### Material to process

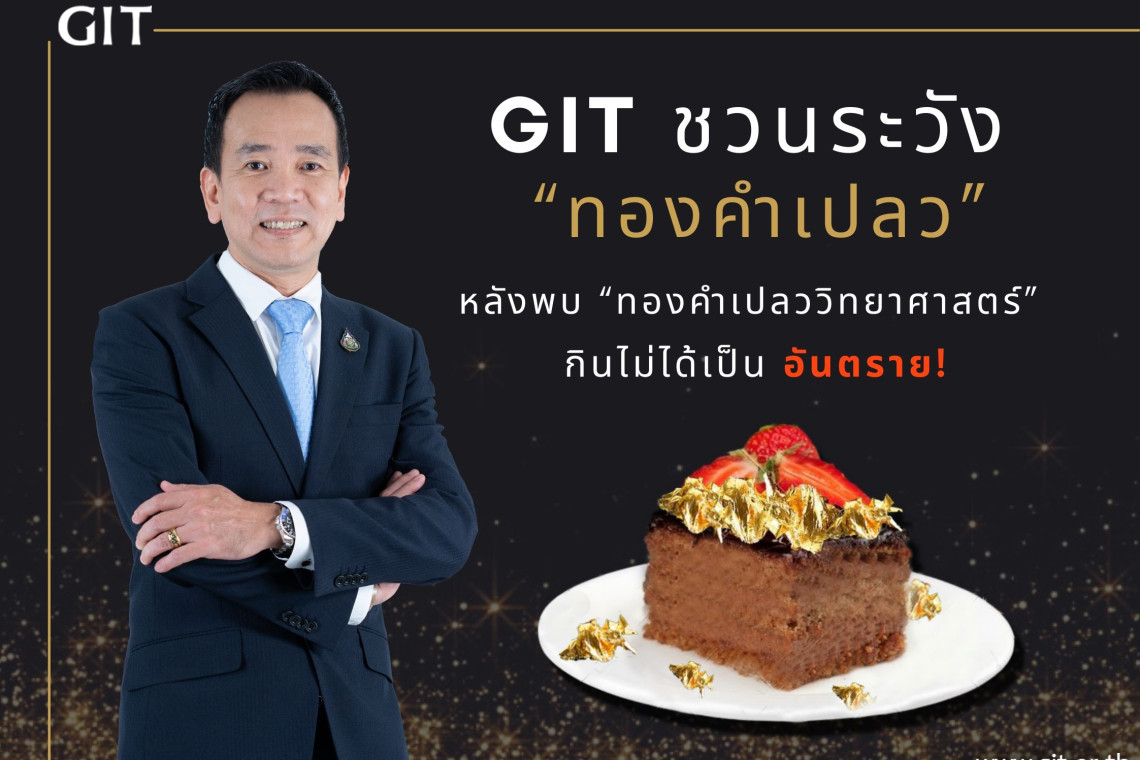 สถาบันวิจัยและพัฒนาอัญมณีและเครื่องประดับแห่งชาติ (องค์การมหาชน) หรือ GIT แนะผู้บริโภคซื้อที่ชอบรับประทานอาหาร Luxury ประดับทองคำเปลว ต้องตรวจสอบให้ดีหลังพบ “ทองคำเปลววิทยาศาสตร์” ซึ่งไม่ใช่ทองคำบริสุทธิ์ และบางครั้งปนเปื้อนโลหะหนัก และอาจเป็นอันตรายต่อสุขภาพ
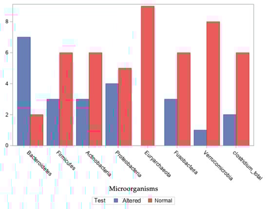 Patients who participated in the study had high levels of bacteria from the phylum Bacteroidetes in their intestinal microbiota; seven of them had altered values above the threshold value deemed normal, which is consistent with the findings of studies by Svensson, Chadchan, and Shan [,,]. The results of Shan [] indicate the existence of the Fusobacteria Phylum. The results of Yuan and Shan [,] suggest that the stool samples of the patients contained Proteobacteria, Actinobacteria, and Firmicutes Phylum.
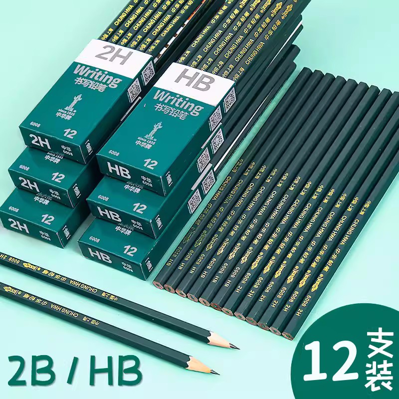 中華牌鉛筆6008天然木六角棒HBスケッチ鉛筆小学生用2H試験専用鉛筆
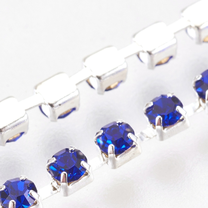 Цепь со Стразами, Латунь, Класс А, Цвет металла: Серебро, Цвет Страз: Сапфир, Ширина 2мм, около 360шт/1.1м, (УТ100017382)
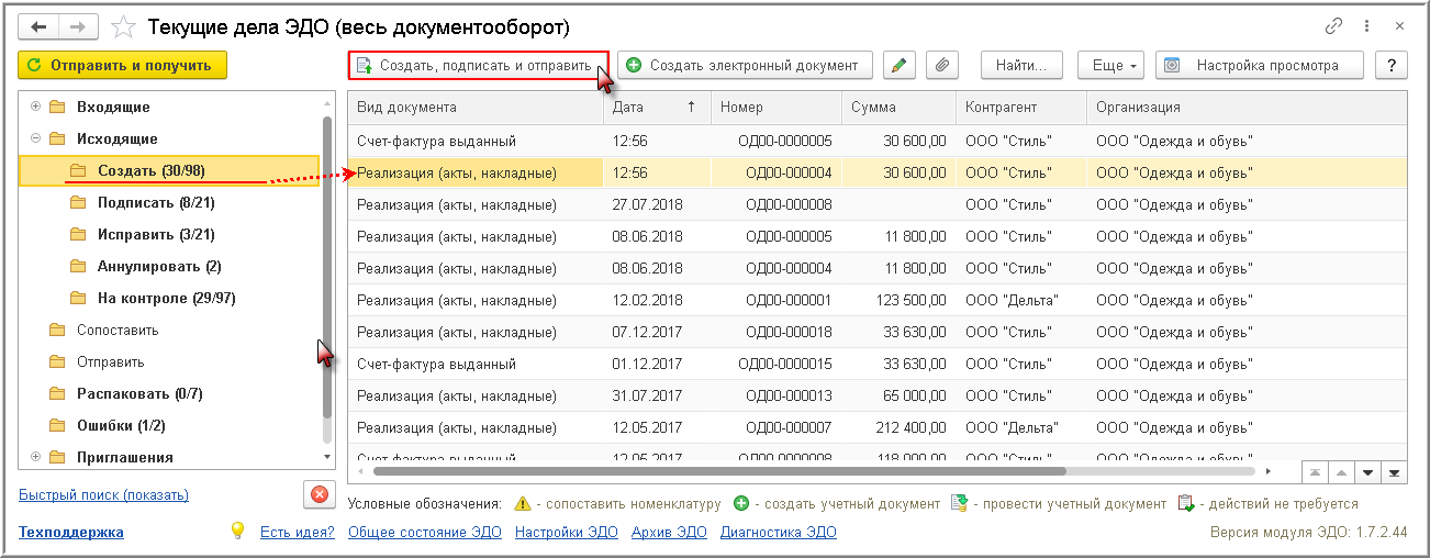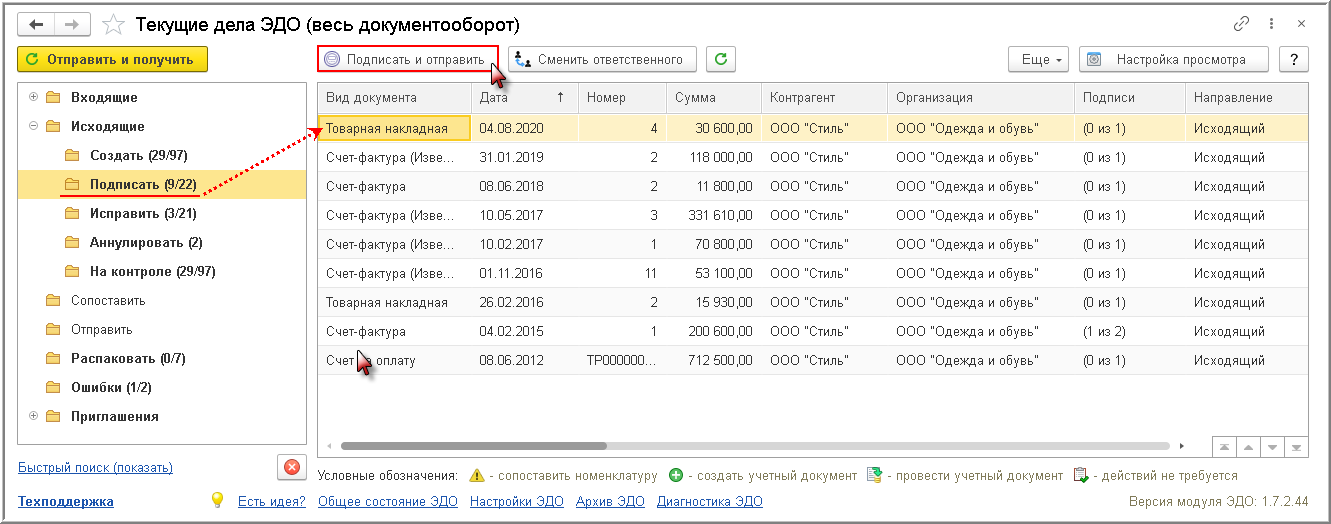 Если у текущего пользователя нет права подписи, то даже при выполнении команды Отправить электронный документ из документа "Реализация (акт, накладная)" или команды Создать, подписать и отправить из списка "Текущие дела ЭДО" (рис. 3) программа направит сформированную электронную Товарную накладную на подпись лицу, имеющему такое право. Подписать сформированный электронный документ можно по кнопке Подписать и отправить из папки "Подписать" списка исходящих документов "Текущие дела ЭДО" (или Подписать, если установлена отложенная отправка электронных документов, о чем будет написано далее).

######

What is expected: Output only the lines from the line that contains "Patients who participated" through the end of the material, both ends included, and skip every picture.

Answer space:
 Patients who participated in the study had high levels of bacteria from the phylum Bacteroidetes in their intestinal microbiota; seven of them had altered values above the threshold value deemed normal, which is consistent with the findings of studies by Svensson, Chadchan, and Shan [,,]. The results of Shan [] indicate the existence of the Fusobacteria Phylum. The results of Yuan and Shan [,] suggest that the stool samples of the patients contained Proteobacteria, Actinobacteria, and Firmicutes Phylum.
 中華牌鉛筆6008天然木六角棒HBスケッチ鉛筆小学生用2H試験専用鉛筆
 Цепь со Стразами, Латунь, Класс А, Цвет металла: Серебро, Цвет Страз: Сапфир, Ширина 2мм, около 360шт/1.1м, (УТ100017382)
 Если у текущего пользователя нет права подписи, то даже при выполнении команды Отправить электронный документ из документа "Реализация (акт, накладная)" или команды Создать, подписать и отправить из списка "Текущие дела ЭДО" (рис. 3) программа направит сформированную электронную Товарную накладную на подпись лицу, имеющему такое право. Подписать сформированный электронный документ можно по кнопке Подписать и отправить из папки "Подписать" списка исходящих документов "Текущие дела ЭДО" (или Подписать, если установлена отложенная отправка электронных документов, о чем будет написано далее).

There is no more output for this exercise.